Sears Roebuck Acceptance Corp.
3711 Kennett Pike
Greenville, Delaware 19807

Sears, Roebuck and Co.
3333 Beverly Road
Hoffman Estates, Illinois 60179


Ladies and Gentlemen:

          At your request, I have examined (i) Registration Statement No.
333-9817, as filed with the Securities and Exchange Commission (the 
"Commission"), (the "Registration Statement"), in connection with the 
registration under the Securities Act of 1933, as amended (the "Act"), of 
$4,000,000,000 principal amount of debt securities of Sears Roebuck 
Acceptance Corp. ("SRAC"), for an offering to be made on a continuous or 
delayed basis pursuant to the provisions of Rule 415
under the Act, (ii) the final prospectus, dated August 22, 1996, relating to the
offering and sale of $2,000,000,000 of the aforesaid debt securities, which is 
part of the Registration Statement referred to in (i) above (the 
"Prospectus"), and the Prospectus Supplement, dated August 22, 1996, (the 
"Prospectus Supplement") relating to the offering and sale of up to 
$2,000,000,000 aggregate principal amount (or its equivalent in foreign 
currencies) of Medium-Term Notes Series III of SRAC (the "Notes"),  (iii) the
Indenture dated as of May 15, 1995, between the Company and The Chase 
Manhattan Bank, N.A., as Trustee, relating to the aforesaid debt securities,
(iv) the Distribution Agreement, dated August 22, 1996, between
SRAC, Sears, Goldman, Sachs & Co., Merrill Lynch, Pierce Fenner & Smith
Incorporated, Morgan Stanley & Co. Incorporated and Salomon Brothers Inc, and 
(vi) the forms of the Notes.  I am familiar with the proceedings heretofore 
taken, and the additional proceedings proposed to be taken relating to the 
determination of certain terms not set forth in the forms of Notes, by SRAC 
in connection with the authorization, issuance and sale of the Notes.
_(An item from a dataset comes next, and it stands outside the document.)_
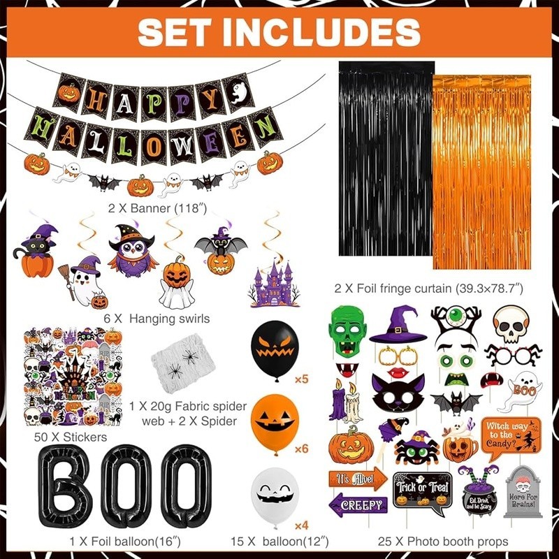 You may also like Halloween Catacombs Backdrop Party Decoration 6 Pack Insta-theme 4ft x 30ft New 14.77 USD 15.88 USD Free shipping 7% off Gingerbread Decorations Set Waterproof Cutouts Christmas Party 30 Pieces New 11.75 USD 12.63 USD Free shipping 7% off 72 Piece Wedding Photo Booth Props Fun Bridal Shower Decor Assorted Props New 21.88 USD 23.53 USD Free shipping 7% off Orange Fringe Backdrop Set 3.2x8ft Pack of 2 Party Decorations Basketball Events 18.86 USD 20.28 USD Free shipping 7% off Halloween Balloon Garland Kit 119pcs Party Decorations Arch Easy Assemble New 25.18 USD 27.08 USD Free shipping 7% off 20 Piece Bridal Shower Wedding Photo Booth Props Kit Mr & Mrs Fun Party Supplies 20.44 USD 21.98 USD Free shipping 7% off 38pc Christmas Photo Booth Props Set Holiday Party Fun Selfie Decorations New 15.51 USD 16.68 USD Free shipping 7% off 20 Piece LGBTQ Photography Props Kit Mr Mr Gold Wedding Photo Booth Supplies New 23.6 USD 25.38 USD Free shipping 7% off Wavy Foil Fringe Curtain 4 Pack Metallic Tinsel Backdrop Parties Decorations New 25.18 USD 27.08 USD Free shipping 7% off Christmas Party Decorations Set Paper Fans Honeycomb Balls Swirls Banner Garland 26.77 USD 28.78 USD Free shipping 7% off Anniversary Photo Booth Props Couple Celebrations Love Memories Easy Assemble US 25.13 USD 27.02 USD Free shipping 7% off DIY Gold Paper Photo Frame Prop Weddings Birthdays Parties Keepsake Decor New 15.7 USD 16.88 USD Free shipping 7% off About this item Happy Halloween: our Halloween decorations indoor contain 2 fringe curtains in black and orange, 1 No-DIY happy Halloween banner, 1 pumpkin ghost beat garland, 25 pcs Halloween photo booth props, 50 Halloween stickers(25 designs, each one has 2 pieces), 6 paper cutouts, 6 Halloween foil hanging swirls, BOO letter foil balloons, 15 latex balloons in 3 colors(black, orange, white), 20g spider wed, 2 spider, 1 straw and 1coil. Our Halloween Decorations Party needs almost festival needs. High Quality: All these Halloween party decorations are made of high-quality material, are durable, sturdy, have no fading, and are tear-resistant. With rich patterns and unique colors, the birthday decor will decorate your table well and bring a different kind of fun to your party. From playful balloons to eye-catching banners, each element adds a splash of effervescence to your gathering Great Value: Happy Halloween decorations are incredibly versatile, perfect for houses, spooky hallways, trick-or-treating events, Halloween celebrations, vampire-zombie party decor, and more. It's not just a decoration for your spooky-themed parties but also doubles as a fantastic photo backdrop. No-DIY: Happy Halloween banner comes pre-strung with black wire and is fully assembled to save you time and hassle. Our Halloween decorations indoor are rich enough; they meet everyone's Halloween home decoration needs. This lets you effortlessly create a horror theme party atmosphere and enjoy more time celebrating with friends and family. Expertly crafted: Utilizing professional printing techniques, both the text and designs undergo meticulous treatment to ensure a visually stunning effect. The high-quality printing technology not only enhances clarity in the designs but also ensures long-lasting color that won't fade easily, making your party even more spectacular! Theme: Halloween Color: Multicolor Brand: Recommended Uses For Product: Decor, Home Occasion: Halloween Special Feature: Lightweight Specific Uses For Product: Indoor Product Dimensions: 7. 08"L x 9. 84"W Target Audience: Unisex Included Components: No additional components included You may also like Wedding Photo Booth Props Set 24 Unique Designs Fun Shapes Durable Cardstock New 18.86 USD 20.28 USD Free shipping 7% off 20 Piece Bridal Shower Wedding Photo Booth Props Kit Mr & Mrs Fun Party Supplies 20.44 USD 21.98 USD Free shipping 7% off 20pcs Tea Party Decorations Photo Booth Props Bridal Shower Birthday Celebration 22.02 USD 23.68 USD Free shipping 7% off Halloween Spider Web Centerpieces 4pcs Paper Lanterns Table Decor Party Favors 15.7 USD 16.88 USD Free shipping 7% off Black Foil Fringe Backdrop Set Party Photo Booth Decoration Stage Background New 9.35 USD 10.05 USD Free shipping 7% off 10 Piece Boho Botanical Bride Photo Booth Props Kit Wedding Bridal Shower New 15.7 USD 16.88 USD Free shipping 7% off Engagement Photo Props Set 40pcs Fun Cards Wooden Sticks DIY Celebration New 17.28 USD 18.58 USD Free shipping 7% off Biodegradable Flower Petal Confetti Wedding Decorations Eco-Friendly 50 Pack New 41.75 USD 44.89 USD Free shipping 7% off 38pc Christmas Photo Booth Props Set Holiday Party Fun Selfie Decorations New 15.51 USD 16.68 USD Free shipping 7% off Burlap Banner Kit Blank Flags Stencils DIY Personalized Party Decor Supplies New 22.02 USD 23.68 USD Free shipping 7% off Halloween Party Decorations Set Banner Swirls Flags Tissue Poms Accessories New 15.7 USD 16.88 USD Free shipping 7% off 20 Piece Winter Holiday Photo Booth Props Kit Fun Party Supplies DIY Assembly US 20.44 USD 21.98 USD Free shipping 7% off

          Subject to the completion of the additional proceedings referred
to above, I am of the opinion that the Notes will, upon the issuance and sale
thereof in the manner referred to in the Prospectus and Prospectus Supplement, 
be legally issued and binding obligations of SRAC in accordance with their 
terms, subject to insolvency, bankruptcy, reorganization, or other laws 
relating to or affecting the enforcement of creditors' rights or by general 
equity principles.

          I express no opinion as to whether, with respect to any Notes
denominated in a currency other than United States dollars, a court located in 
the United States of America would grant a judgment relating to the Notes in
other than United States dollars nor an opinion as to the date which any such
court would utilize for determining the rate of conversion into United States
dollars in granting such judgment.

          I consent to the incorporation by reference of this opinion into
the Registration Statement and to the references to me in the Prospectus.

                              Very truly yours,

                              /S/Robert J. Pence

                              Robert J. Pence
                              Vice President, Law
                              Sears, Roebuck and Co.